Чтение онлайн

на главную

Жанры

Шрифт:

Вторая притча, написанная Толкином спустя долгие годы, тоже, вне сомнения, о творчестве и судьбе творца-человека, хотя и в ином аспекте. Это «Кузнец из Большого Вуттона», написанный в 1965 г., а опубликованный в 1967-м. Толкина попросили написать предисловие к сказке Дж. Макдональда, которая при перечитывании ему не понравилась. Увлекшись полемикой с давно усопшим автором, он в качестве обращенного к читателю «примера» стал сочинять собственную историю, которая вскоре зажила своей жизнью.

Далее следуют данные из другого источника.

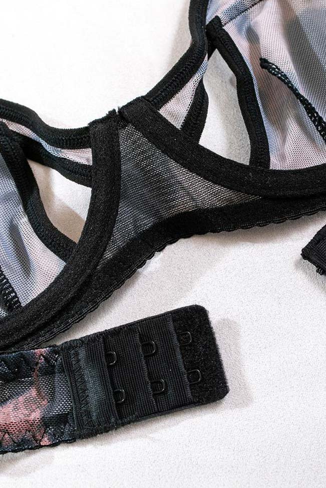 Cut out style σετ εσωρούχων με mesh bustier και bottoms με κούμπωμα στο πίσω μέρος. Έχει κανονική εφαρμογή και βγαίνει από Small νουμεράκι μέχρι Large.
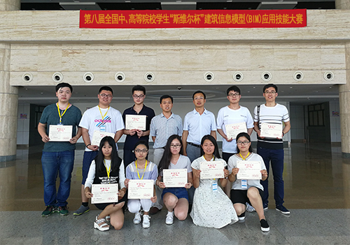 2017年5月20日至21日,由中国建设教育协会主办,住建部工程管理和工程造价学科专业指导委员会、全国住房和城乡建设职业教育指导委员会指导,深圳市斯维尔科技股份有限公司、浙江理工大学和吉林建筑大学承办的第八届全国中、高等院校学生“斯维尔杯”建筑信息模型(BIM)应用技能大赛中,我系李因旭、唐迪、李云浩、王洪飞、郭新丽等五名同学组成的“至上队”(指导老师尹发利)获得《工程管理专项》一等奖、《工程设计专项》以及《绿色建筑分析专项》二等奖、《工程造价专项》三等奖;贾颢晨、程亚萍、李兆灿、吴凯丽、廉梳荷等五名同学组成的“设计小神队”(指导老师:贾宏俊、刘琦华)获《工程管理专项》及《绿色建筑分析专项》一等奖、《工程设计专项》及《工程造价专项》三等奖。
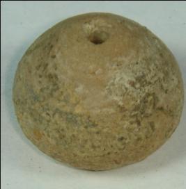 | Description / विवरण | Small terracotta bead with betel nut body and oval base. It has perforated hole in centre and surrounded with striation marks. It is semi fine and has a depression at base. |
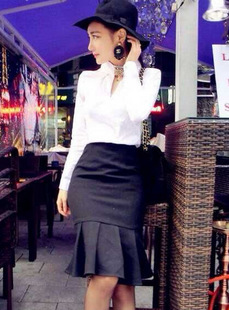 2015早春新款性感鏤空深V半高領(lǐng)上衣+高腰魚尾裙兩件套套裝 /
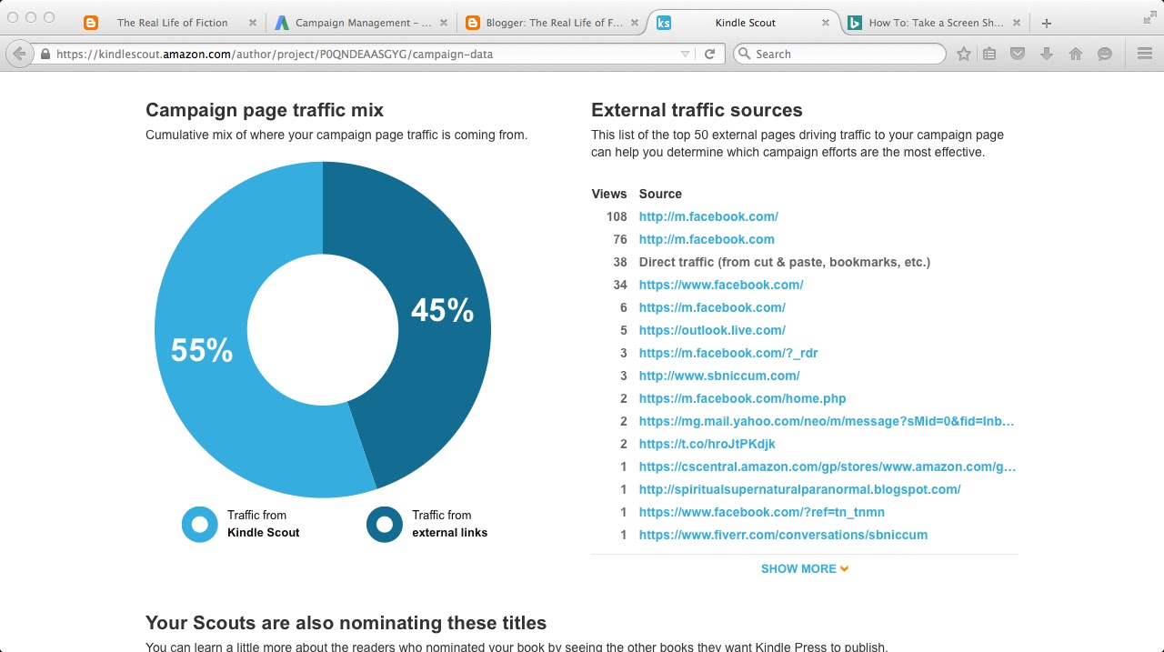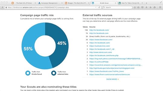 Still, after all my facebooking, most of my traffic comes from Kindle Scout traffic. That is, fellow authors or maybe people who go nominate their friend, sees my book cover and they find it interesting, so out of the kindness of their hearts they nominate me.
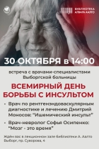 Уважаемые жители Выборга и Выборгского района!Приглашаем вас на тематическую встречу, посвященную Всемирному дню борьбы с инсультом.Наши специалисты простым и понятным языком расскажут о самых важных вещах: как распознать угрозу по самым первым признакам и какие шаги можно предпринять уже сегодня, чтобы значительно снизить риски.Ждем всех 30 октября в 14:00 в лекционном зале Библиотеки Алвара Аалто.
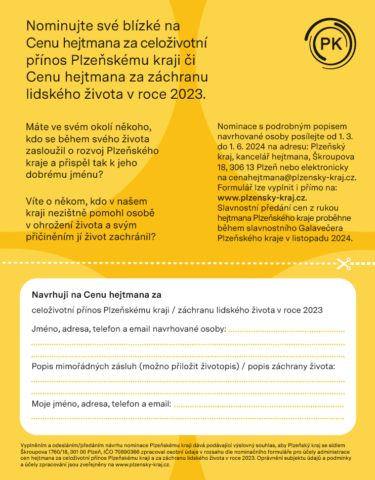 • Veškeré shromážděné informace budou použity pouze pro účely administrace Ceny hejtmana za celoživotní přínos Plzeňskému kraji či Ceny hejtmana za záchranu lidského života v roce 2023.
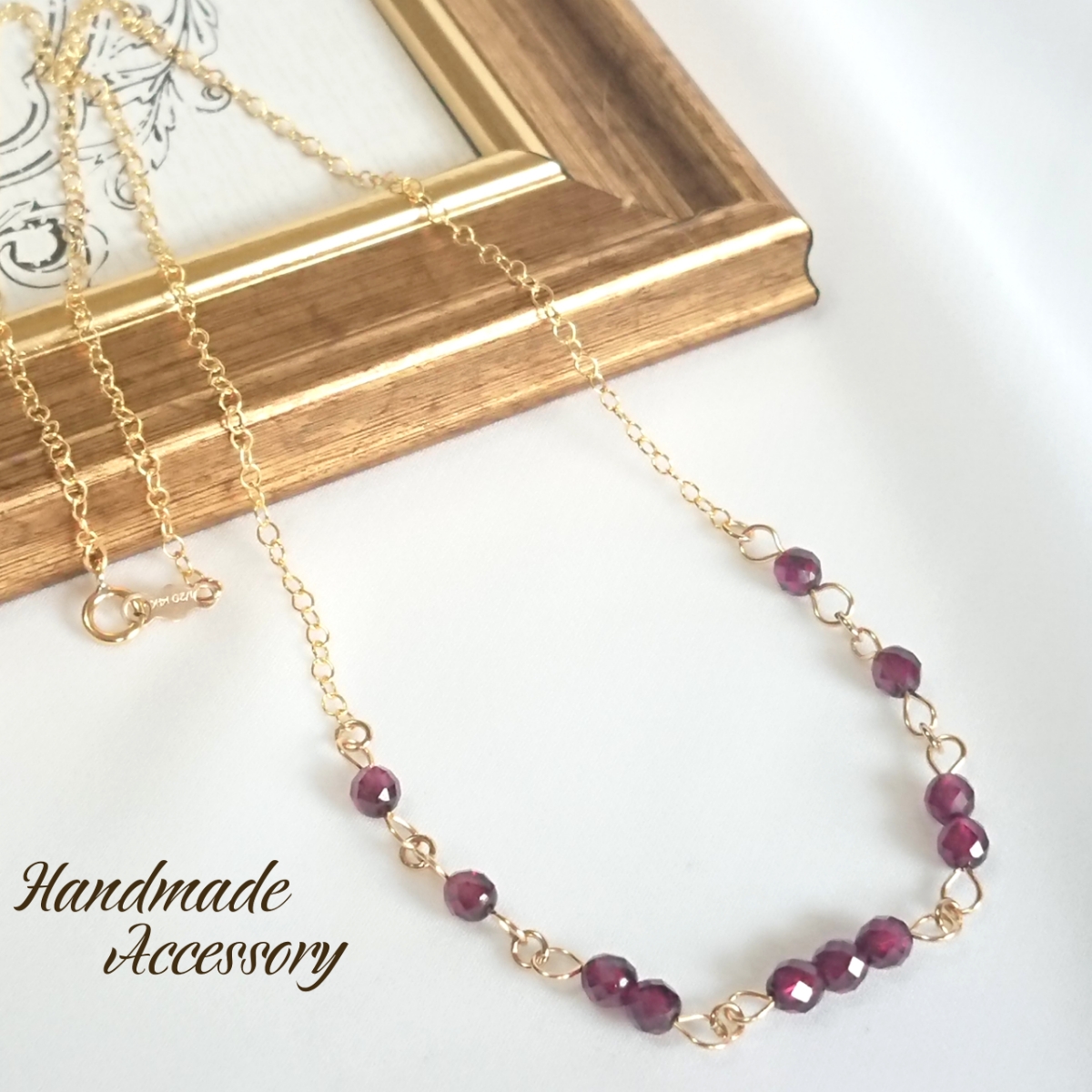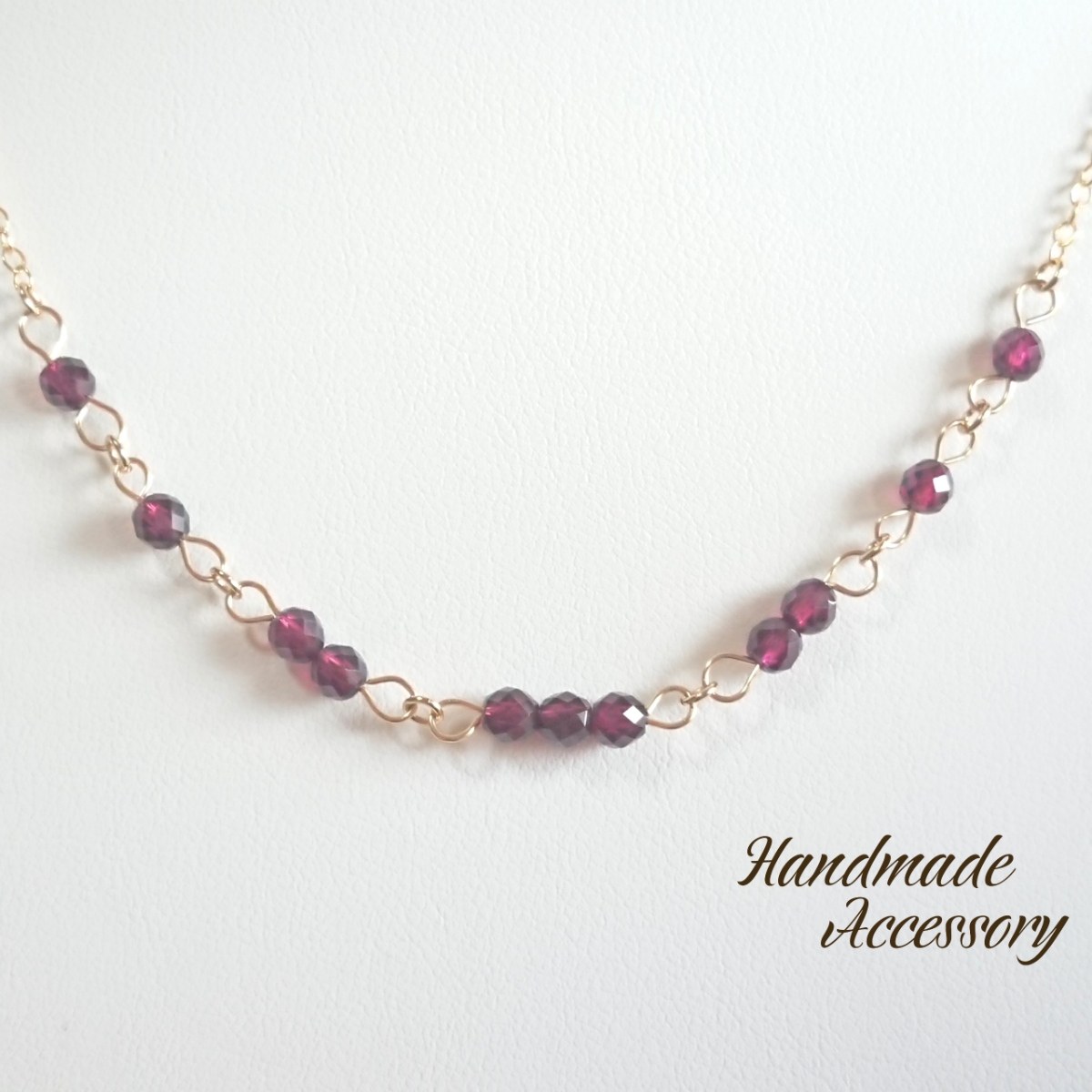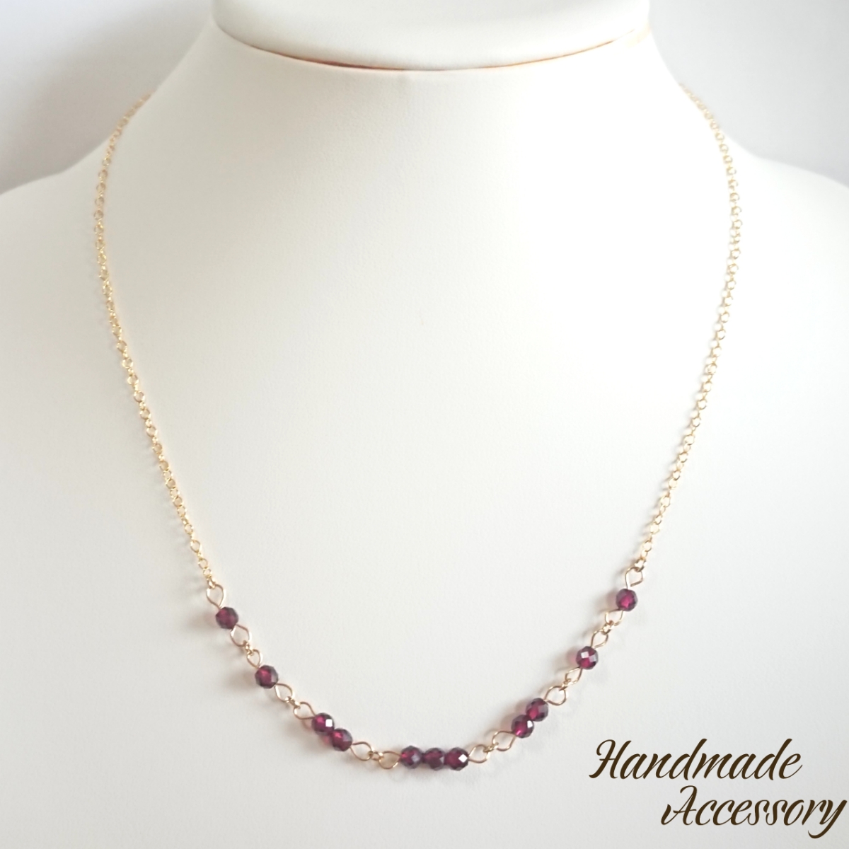 インド産ガーネットの32面カットのみを使用して華奢なデザインに仕上げたネックレスです。
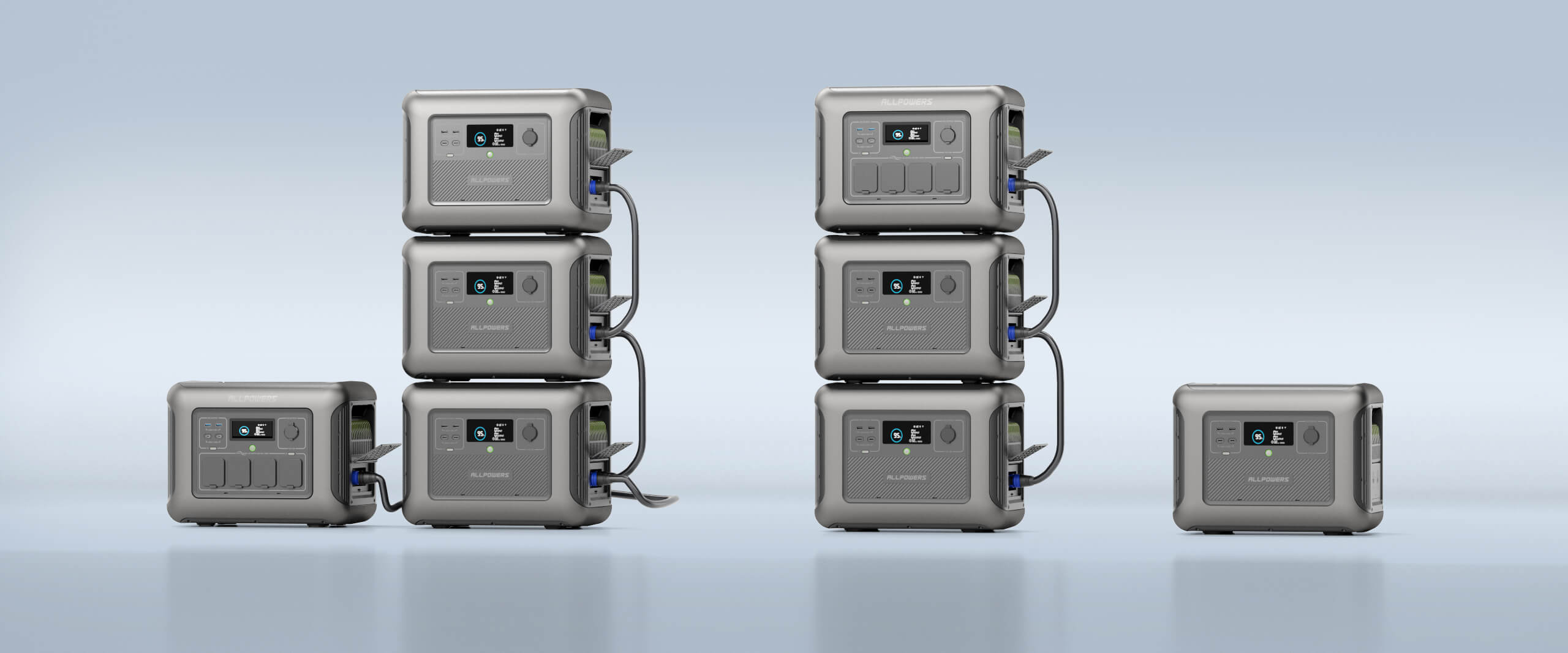 - Compatible with R1500 for a maximum of 4,608Wh capacity. (1*R1500+3*B1000 or 1*R2500 +3*B1000)
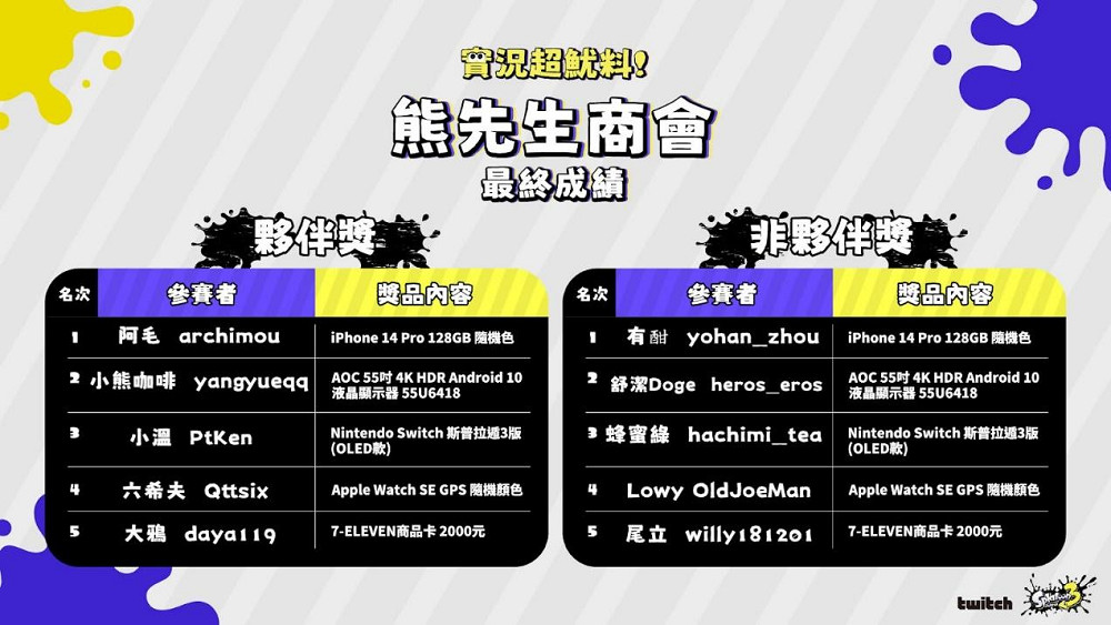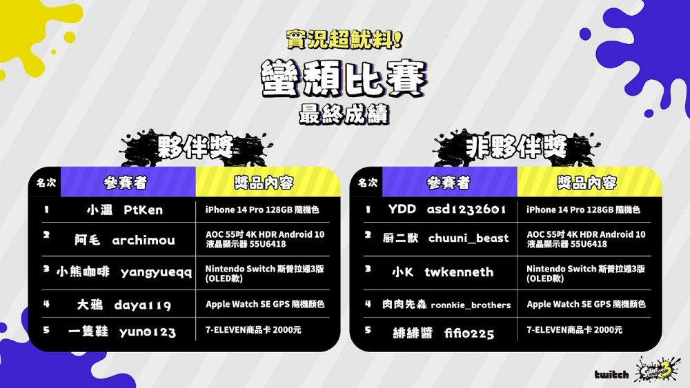 Twitch 實況超魷料!《斯普拉遁 3》挑戰賽賽程長達兩周,期間內共有蠻頹挑戰與熊先生商會兩種模式供參賽者選擇累積積分的目標,在參賽期間內獲得最高積分的實況者們將奪得包含 iPhone 14、AOC 55 吋 4K HDR Android 液晶顯示器、Nintendo Switch《斯普拉遁 3》版本與 Apple Watch 等超豪華獎勵。
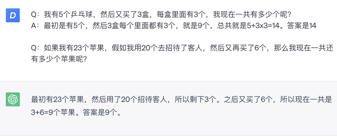 如上面的例子,AI 被我個出的示例來解釋其解決這個數學問題的推理過程,這樣做可以得到更準確的結果。
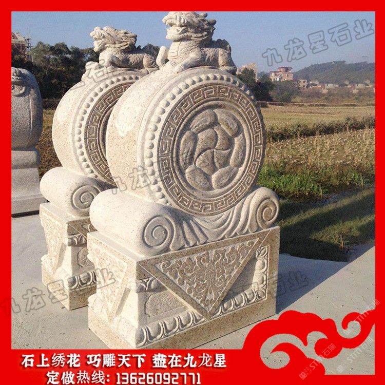 發(fā)布信息: 石雕圓形抱鼓石 門墩抱鼓石圖片及價格——九龍星石業(yè)。 石雕圓形抱鼓石的方圓有著不同的寓意,在古代,方形的門墩多為文官使用,圓形的門墩多為武官使用。門墩借助人物、草木、動物、工具、寓言、幾何圖案,石頭抱鼓石上面的瑞獸表達了四合院的建筑者們希望長壽、富貴、驅魔、夫妻美滿、家族興旺的美好心愿。獅和世諧音,雕九只獅子的圖案是九世同居,表示合家團聚、同堂和睦的祝愿。 石雕圓形抱鼓石上面的瑞獸有獅子、麒麟、大象等靈獸。古代,不同地位官階等級的門戶擺放的抱鼓門石是不同的,文官用書箱形、武官用獸吻形,而古代住所高管門前門墩石的石獅子等靈獸一般都比較大,象征著地位和財富。
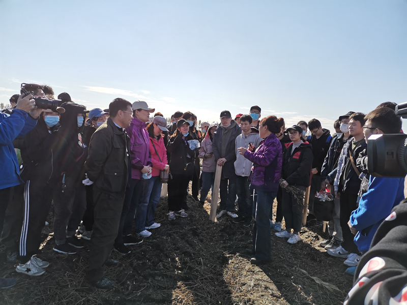 測產(chǎn)之前,李艷華為前來實習(xí)的黑龍江大學(xué)學(xué)生現(xiàn)場講解了測產(chǎn)原理和意義。

Главный герой сказки — Кузнец, благодаря обретенному в детстве дару, чудесной звезде, спрятанной в праздничном деревенском кексе, получает право посещать Феерию. В финале ученик Мастера Повара на памятном празднике, Альф, сам уже деревенский Повар, раскрывается Кузнецу как

Король Феерии — и велит вернуть дар, оставив звезду преемнику. Кузнец не без тяжести на сердце, но добровольно уступает, — теперь он отдаётся повседневным заботам семьи и своему ремеслу, сохраняя светлую память о былом. Альфу и Кузнецу противопоставляется полный напыщенной житейской мудрости Повар Нокс, отчасти напоминающий наименее симпатичных хоббитских персонажей «Властелина Колец».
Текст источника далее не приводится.